After this Olivier played three more stage roles: James Tyrone in Eugene O'Neill's Long Day's Journey into Night (1971–72), Antonio in Eduardo de Filippo's Saturday, Sunday, Monday and John Tagg in Trevor Griffiths's The Party (both 1973–74). Among the roles he hoped to play, but could not because of ill-health, was Nathan Detroit in the musical Guys and Dolls. In 1972, he took leave of absence from the National to star opposite Michael Caine in Joseph L. Mankiewicz's film of Anthony Shaffer's Sleuth, which The Illustrated London News considered to be "Olivier at his twinkling, eye-rolling best"; both he and Caine were nominated for the Academy Award for Best Actor, both losing to Marlon Brando in The Godfather.

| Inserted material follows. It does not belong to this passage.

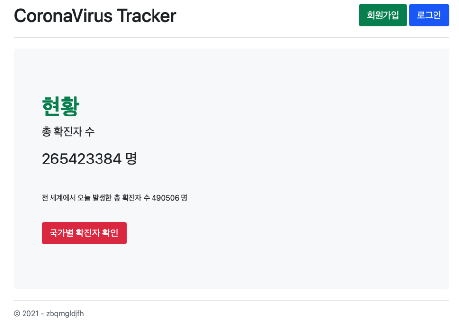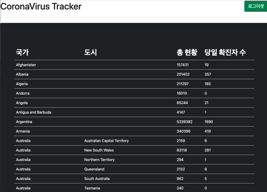 다음은 첫 홈페이지 화면과, 회원 가입한 사용자만 확인할 수 있는 국가별 현황이다.

The last two stage plays Olivier directed were Jean Giraudoux's Amphitryon (1971) and Priestley's Eden End (1974). By the time of Eden End, he was no longer director of the National Theatre; Peter Hall took over on 1 November 1973. The succession was tactlessly handled by the board, and Olivier felt that he had been eased out—although he had declared his intention to go—and that he had not been properly consulted about the choice of successor. The largest of the three theatres within the National's new building was named in his honour, but his only appearance on the stage of the Olivier Theatre was at its official opening by the Queen in October 1976, when he made a speech of welcome, which Hall privately described as the most successful part of the evening.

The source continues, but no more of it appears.